Lo and behold at the very last tub, just about when I was about to give up and thought my luck ran out, I said a little prayer to Saint Ant’ny.  I found both.

This guy finds everything. Everything except 40 euros I stashed in a safe place three years ago. I thnk he came when I was sleeping, took the euros and used them as a donation for the Church.

I’m sure this episode but the thought in my daughter’s head to go buy some tubs and start loading them with everything the boys will do from today up to their college days!  It’s so funny because I wasn’t annoyed at all. I was so happy that one of my kids actually needed me for something.  It really snapped me out of my slump!

I started curating the clothing I’m going to wear.

I love the wide leg pants. My husband hates them. I am wearing them, not him. The linen blend pants don’t hide my gut and I don’t care. 

A few dresses I’ll bring because it gets hot there.

 

 

Two more dresses. The one on the left is from a few years ago. The one on the right won’t be packed because it’s too heavy!

Naturally, I’ll pack wigs!

I’ll be packing my Rondini sandals and will be happy to purchase a new pair!

And I am looking very forward to our relaxing trip.

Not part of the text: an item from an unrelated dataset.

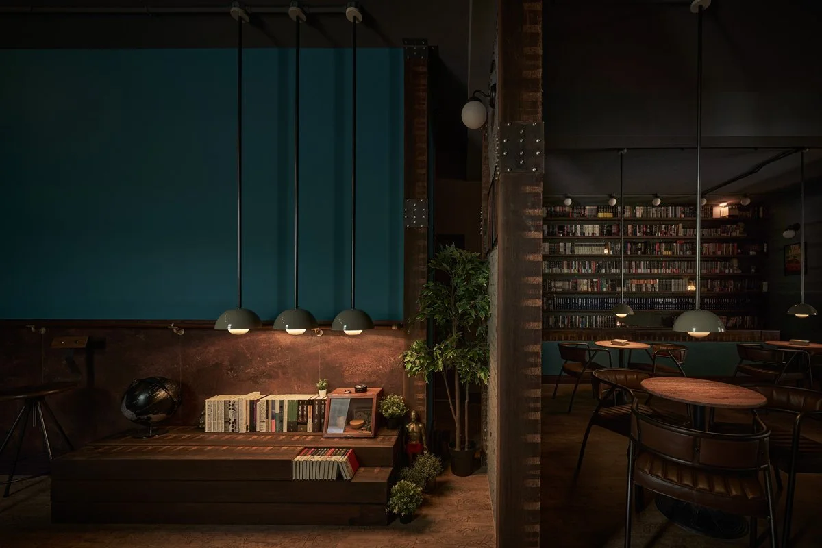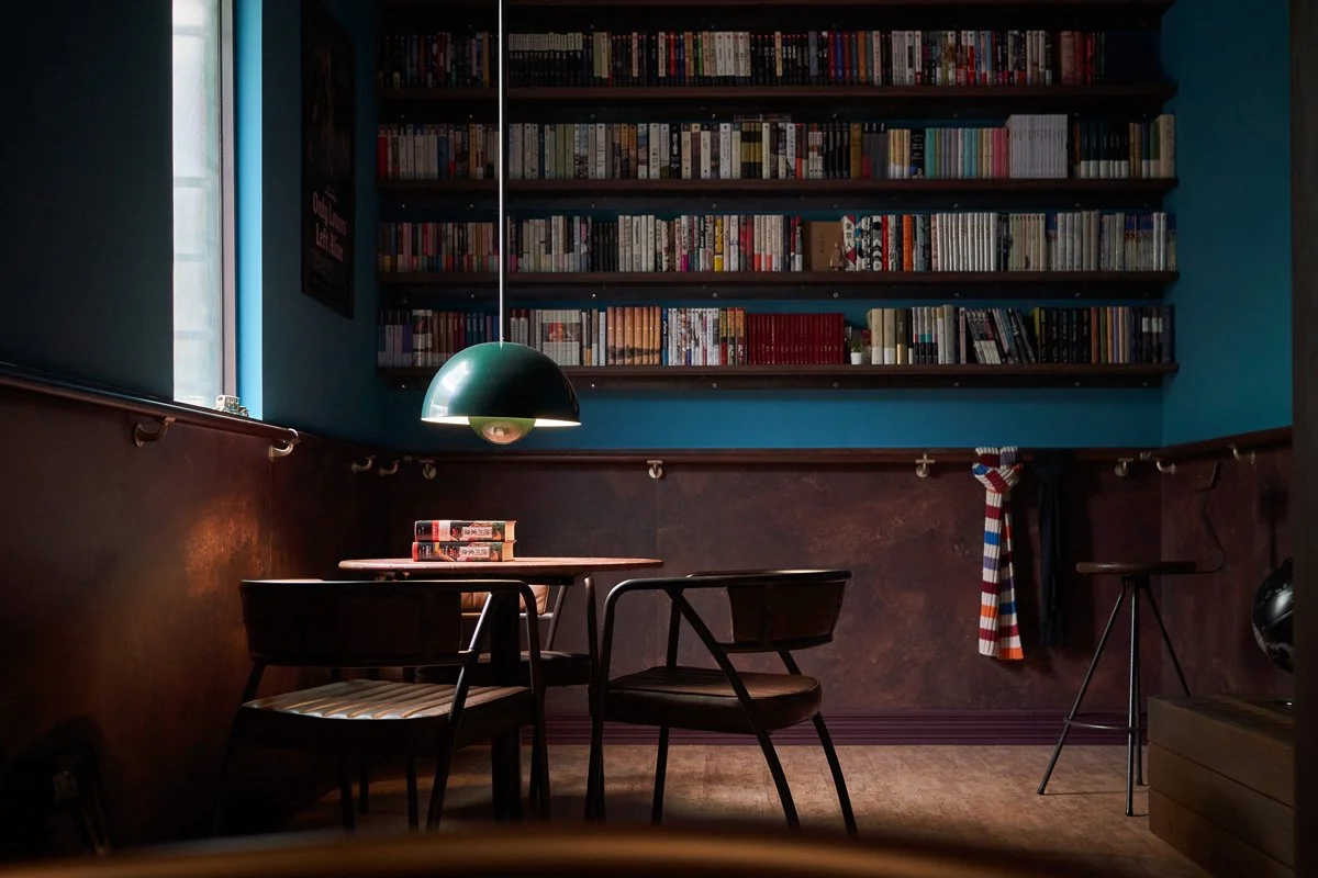 空間以溫暖而深邃的暖色調貫穿,富含底蘊的藍綠色搭配上溫潤的枕木原色,再加上美式復古座椅,是屬於與孩子難忘的記憶拼圖,更是譜寫出一種深切難解的情感連結,同時也表達了傳統父親在事業和家庭之間尋求平衡的願景,期許未來路程能成為一雙更溫暖踏實感的肩膀。此外,在整體空間裡,如月光般的懷舊吊燈巧妙地懸掛著,恰到好處的距離不僅傳遞了更柔和溫馨的氛圍,讓熱愛閱讀的書迷們能夠沉浸在黃金屋的世界中,毫不受干擾。

Ohhhh.  And another thing—I started to wear less makeup on my face.  The reason for this is basically I’m so sickened by the Beauty industry allowing the false advertising of influencers both young AND old.  Yes—influencers over a certain age, I’m talking to YOU. Stop with the filters on your old and wrinkled face. You are a hypocrite. You lie.  You are ashamed to age.  Show us your nose that has been all but eliminated due to filtering.  Show us your skin texture and lines. Let us see your redness!

I would rather showcase my age with less makeup then pay the beauty industry to pay the false advertising of influencers–both young and old!

It is sad because the cosmetics companies know full-well of this deception yet they allow it so I am showing off my age!  It is not bad at all.

Due to all the above, I just didn’t feel like writing. It was a mix of not having anything to say for a while.  It was a lack of passion.

Now the passion is back and I have a lot to say!!

No pressure because I’m looking forward to writing again!

Thank you for sticking by while I had my time off!